## Exercise description:
The copy should hold exactly the lines below from the one that contains "Intersection Of Herald" through the one that contains "Оқу-ағарту министрлігінің Республикалық" and nothing else, so no pictures.

## Records to use:
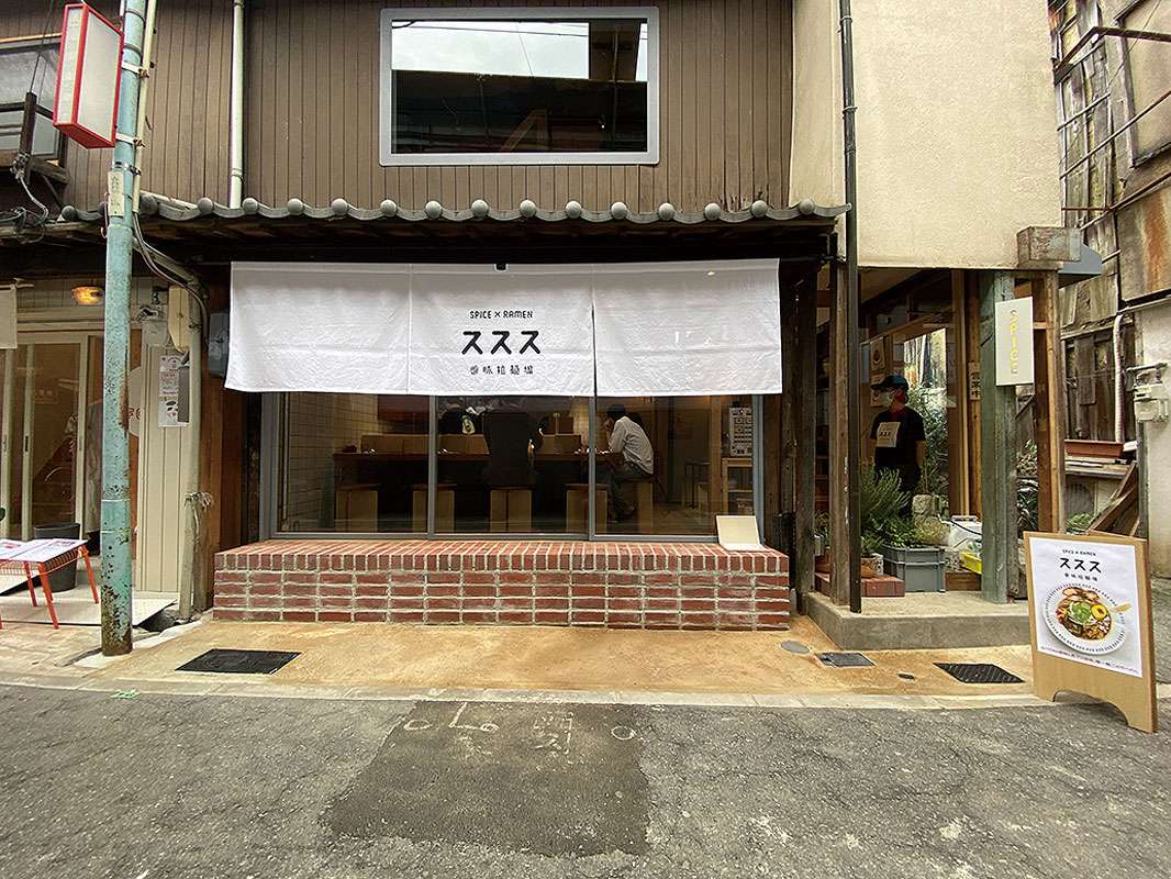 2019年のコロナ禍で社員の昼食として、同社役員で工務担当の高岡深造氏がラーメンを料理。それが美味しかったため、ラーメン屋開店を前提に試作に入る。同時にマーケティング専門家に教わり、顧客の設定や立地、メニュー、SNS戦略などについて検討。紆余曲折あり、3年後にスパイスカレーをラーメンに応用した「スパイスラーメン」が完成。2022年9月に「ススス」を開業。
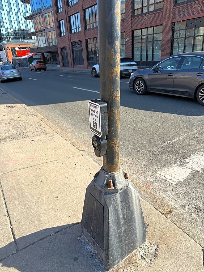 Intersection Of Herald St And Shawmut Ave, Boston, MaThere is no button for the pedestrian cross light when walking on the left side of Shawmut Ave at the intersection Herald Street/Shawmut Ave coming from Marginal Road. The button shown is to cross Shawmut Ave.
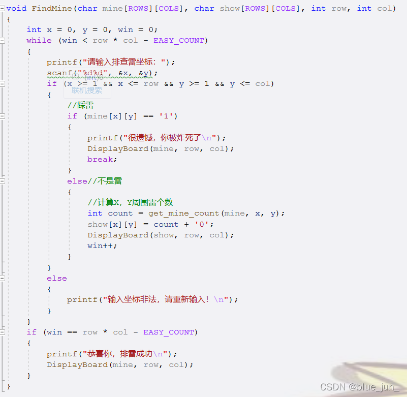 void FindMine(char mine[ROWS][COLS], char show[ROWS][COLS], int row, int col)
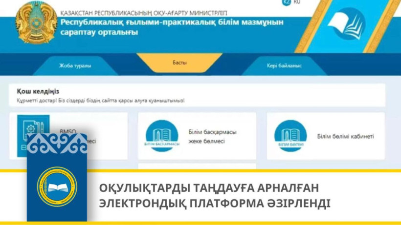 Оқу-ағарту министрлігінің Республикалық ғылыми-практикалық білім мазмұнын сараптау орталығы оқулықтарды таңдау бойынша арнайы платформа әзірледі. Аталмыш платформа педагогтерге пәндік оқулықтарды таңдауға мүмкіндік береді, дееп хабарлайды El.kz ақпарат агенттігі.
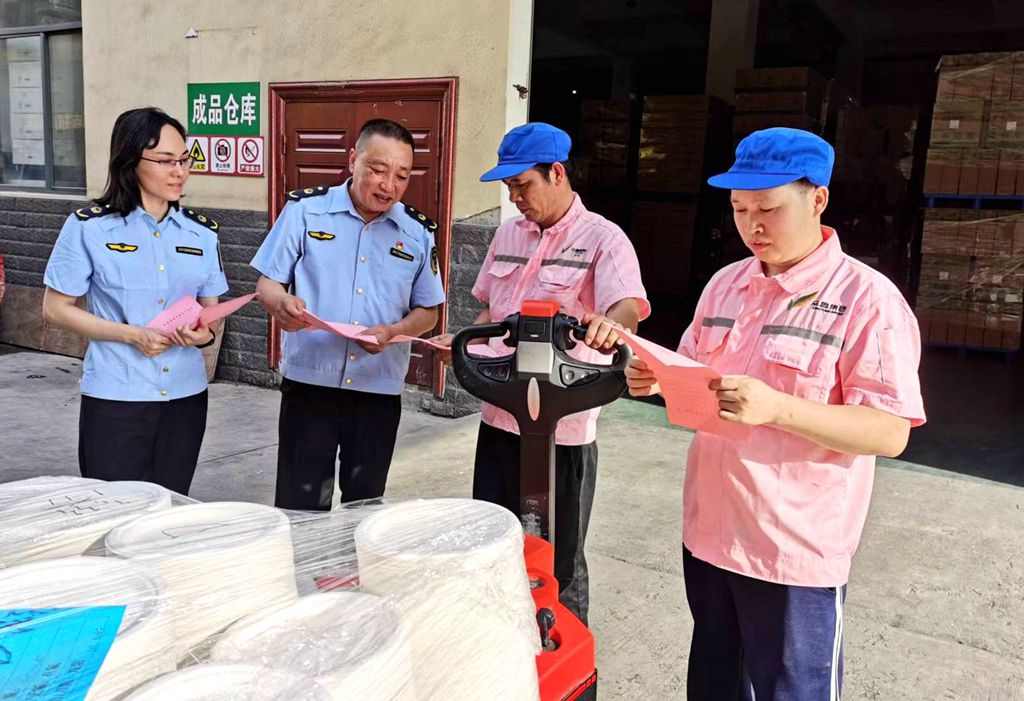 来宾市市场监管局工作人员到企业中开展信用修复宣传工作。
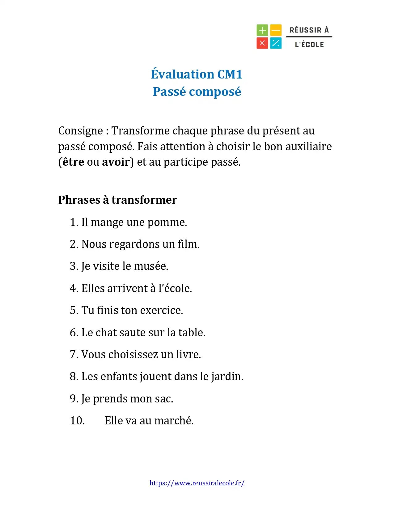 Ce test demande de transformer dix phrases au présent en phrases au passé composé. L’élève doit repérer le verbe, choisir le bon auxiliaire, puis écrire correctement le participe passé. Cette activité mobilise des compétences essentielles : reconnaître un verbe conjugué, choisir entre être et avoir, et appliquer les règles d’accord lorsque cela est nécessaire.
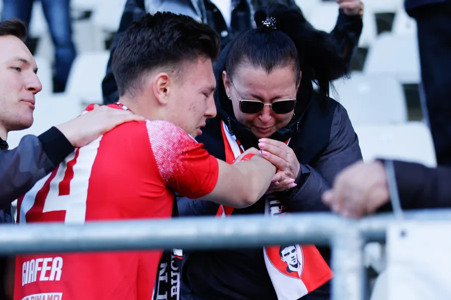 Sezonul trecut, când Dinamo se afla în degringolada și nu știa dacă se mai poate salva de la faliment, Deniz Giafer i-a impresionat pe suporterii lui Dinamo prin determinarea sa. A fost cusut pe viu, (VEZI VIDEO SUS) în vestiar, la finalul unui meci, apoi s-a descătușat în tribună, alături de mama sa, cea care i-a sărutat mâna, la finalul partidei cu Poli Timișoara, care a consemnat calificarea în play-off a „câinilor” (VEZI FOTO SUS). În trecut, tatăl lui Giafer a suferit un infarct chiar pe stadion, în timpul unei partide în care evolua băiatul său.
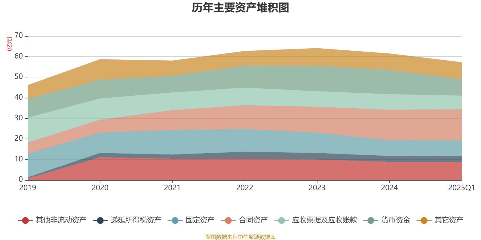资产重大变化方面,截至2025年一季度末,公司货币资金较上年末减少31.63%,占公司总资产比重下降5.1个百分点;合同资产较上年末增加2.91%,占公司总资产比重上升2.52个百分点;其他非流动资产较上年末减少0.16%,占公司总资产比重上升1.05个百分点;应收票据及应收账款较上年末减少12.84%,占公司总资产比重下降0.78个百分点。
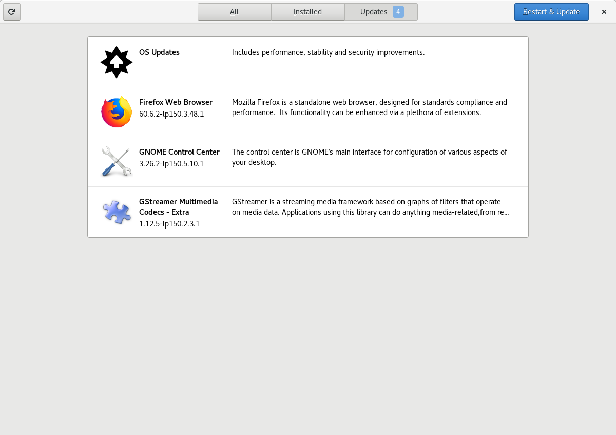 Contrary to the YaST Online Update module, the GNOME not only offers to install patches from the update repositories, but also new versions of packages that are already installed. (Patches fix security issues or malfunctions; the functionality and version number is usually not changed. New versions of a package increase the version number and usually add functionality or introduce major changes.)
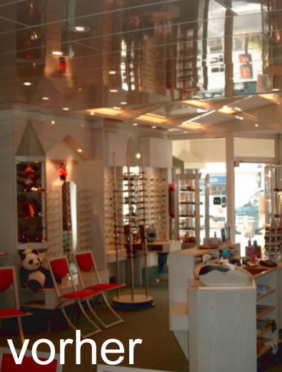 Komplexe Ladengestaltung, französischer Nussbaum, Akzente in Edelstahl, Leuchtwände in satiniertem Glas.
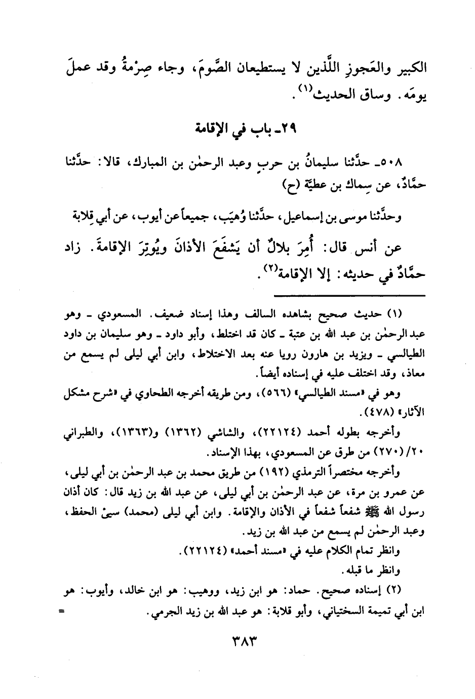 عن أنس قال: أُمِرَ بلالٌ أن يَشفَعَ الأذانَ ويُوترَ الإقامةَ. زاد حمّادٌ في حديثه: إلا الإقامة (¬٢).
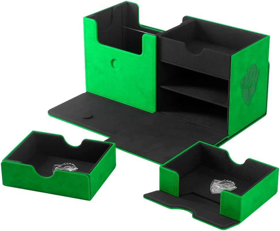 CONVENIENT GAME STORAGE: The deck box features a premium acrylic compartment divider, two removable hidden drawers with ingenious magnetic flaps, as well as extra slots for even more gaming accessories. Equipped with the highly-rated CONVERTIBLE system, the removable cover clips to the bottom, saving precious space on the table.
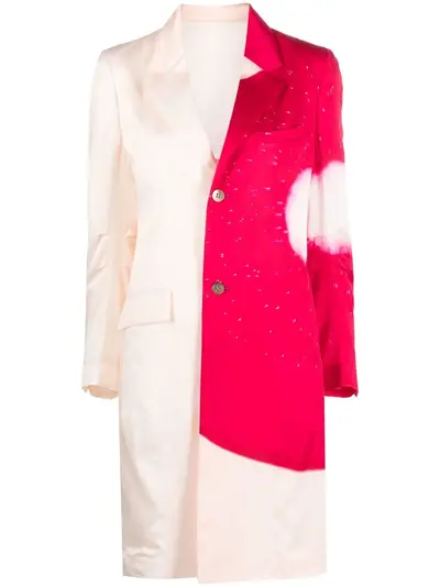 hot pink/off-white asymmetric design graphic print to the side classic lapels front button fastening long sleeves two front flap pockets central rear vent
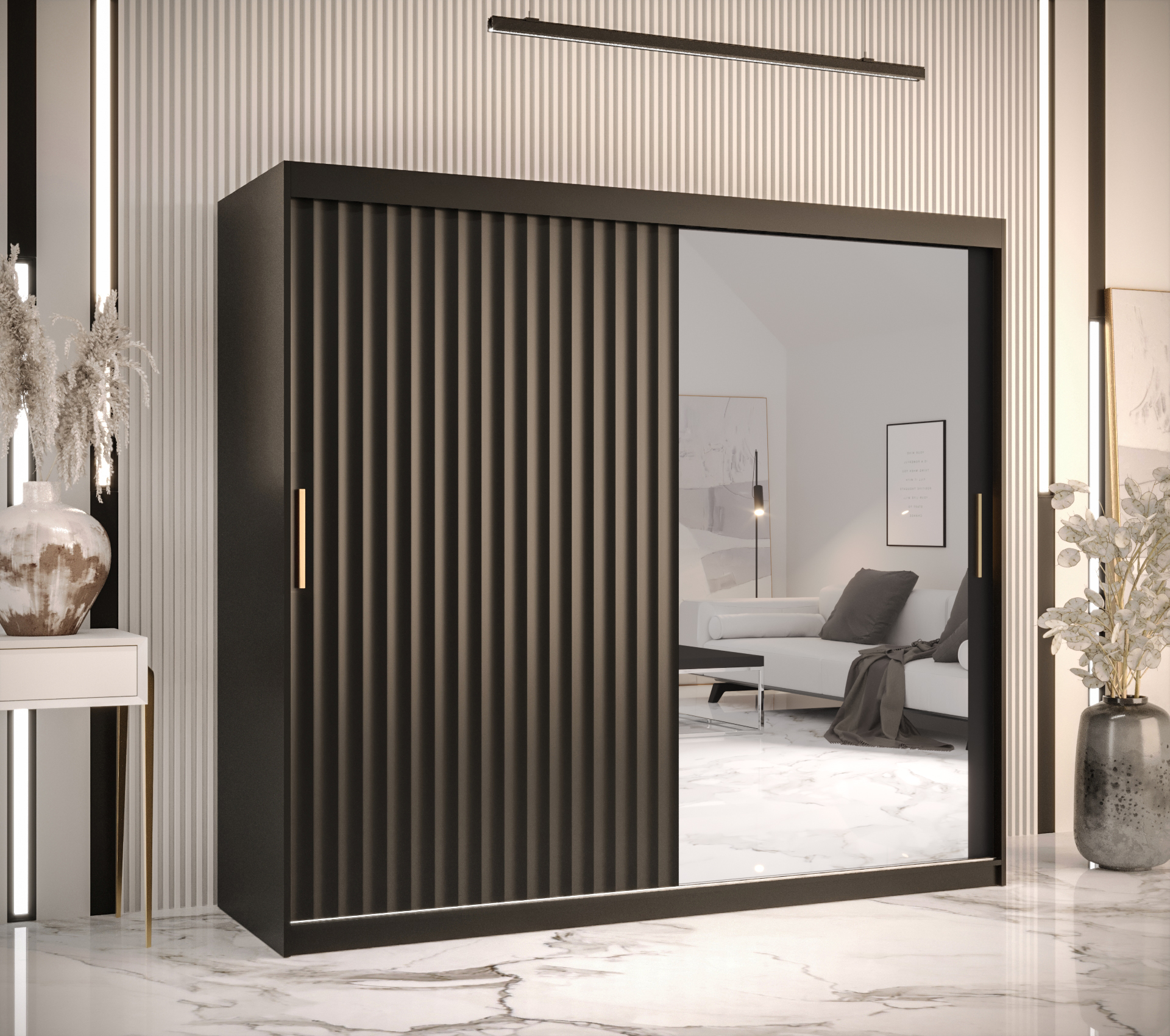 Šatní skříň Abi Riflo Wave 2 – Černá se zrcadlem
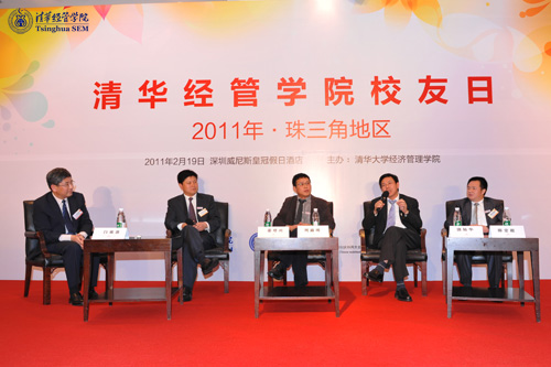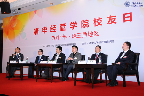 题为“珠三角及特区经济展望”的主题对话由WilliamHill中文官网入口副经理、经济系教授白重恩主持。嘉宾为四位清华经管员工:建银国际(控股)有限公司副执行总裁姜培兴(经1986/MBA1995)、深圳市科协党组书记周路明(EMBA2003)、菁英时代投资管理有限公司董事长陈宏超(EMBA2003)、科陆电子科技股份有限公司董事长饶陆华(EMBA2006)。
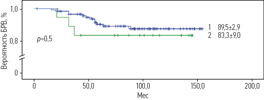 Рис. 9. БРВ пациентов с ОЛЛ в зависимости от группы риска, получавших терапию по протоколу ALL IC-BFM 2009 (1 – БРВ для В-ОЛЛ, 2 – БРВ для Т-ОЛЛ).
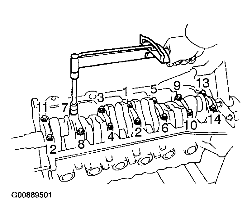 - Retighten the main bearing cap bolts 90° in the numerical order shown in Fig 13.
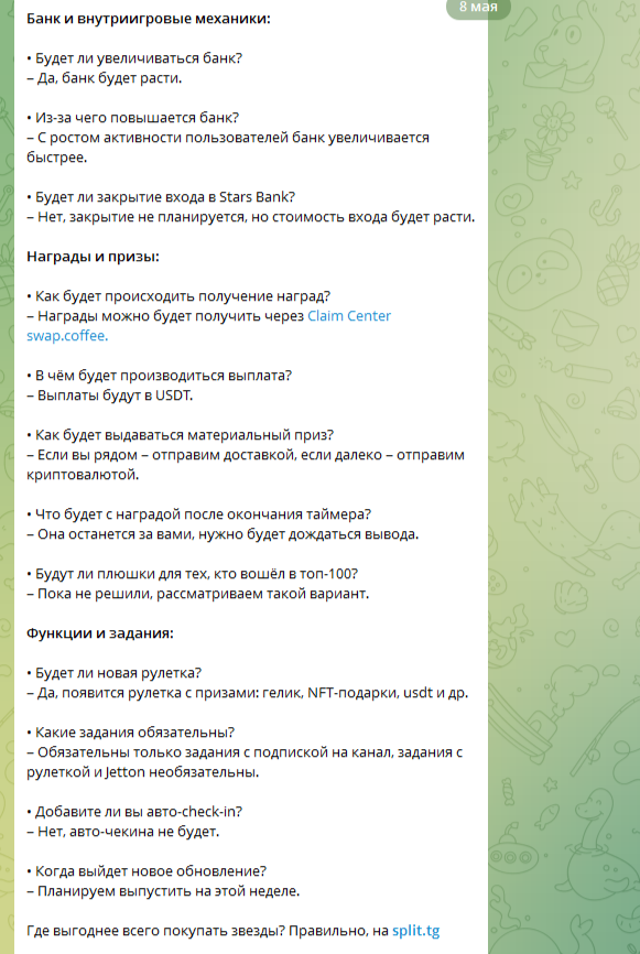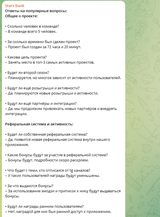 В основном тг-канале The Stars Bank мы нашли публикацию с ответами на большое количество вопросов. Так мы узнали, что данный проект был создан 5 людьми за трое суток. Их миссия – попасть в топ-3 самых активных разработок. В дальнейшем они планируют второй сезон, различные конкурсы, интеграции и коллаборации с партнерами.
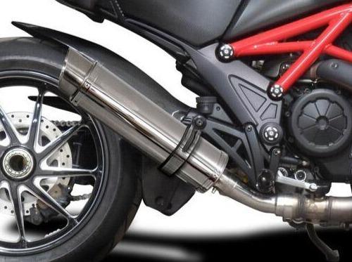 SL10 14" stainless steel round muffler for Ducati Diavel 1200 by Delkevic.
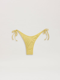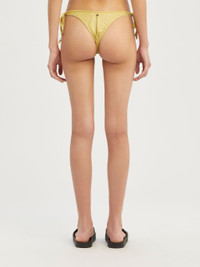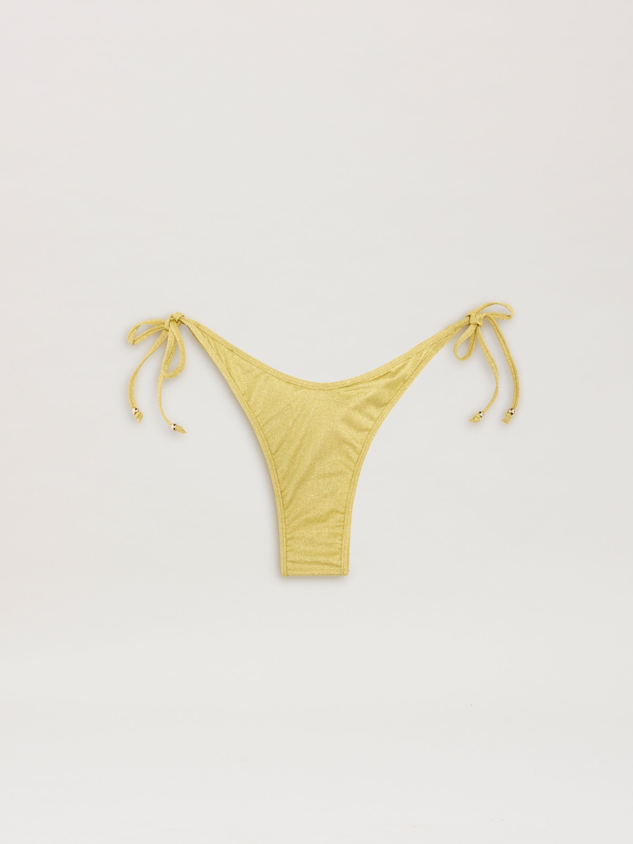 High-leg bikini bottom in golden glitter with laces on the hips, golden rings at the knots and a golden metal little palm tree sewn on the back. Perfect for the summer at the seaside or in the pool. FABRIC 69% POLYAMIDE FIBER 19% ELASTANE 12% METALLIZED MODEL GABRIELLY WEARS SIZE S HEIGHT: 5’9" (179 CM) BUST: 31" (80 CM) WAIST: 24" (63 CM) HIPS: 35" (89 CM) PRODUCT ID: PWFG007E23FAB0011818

## Solution for this task:
 Intersection Of Herald St And Shawmut Ave, Boston, MaThere is no button for the pedestrian cross light when walking on the left side of Shawmut Ave at the intersection Herald Street/Shawmut Ave coming from Marginal Road. The button shown is to cross Shawmut Ave.
 void FindMine(char mine[ROWS][COLS], char show[ROWS][COLS], int row, int col)
 Оқу-ағарту министрлігінің Республикалық ғылыми-практикалық білім мазмұнын сараптау орталығы оқулықтарды таңдау бойынша арнайы платформа әзірледі. Аталмыш платформа педагогтерге пәндік оқулықтарды таңдауға мүмкіндік береді, дееп хабарлайды El.kz ақпарат агенттігі.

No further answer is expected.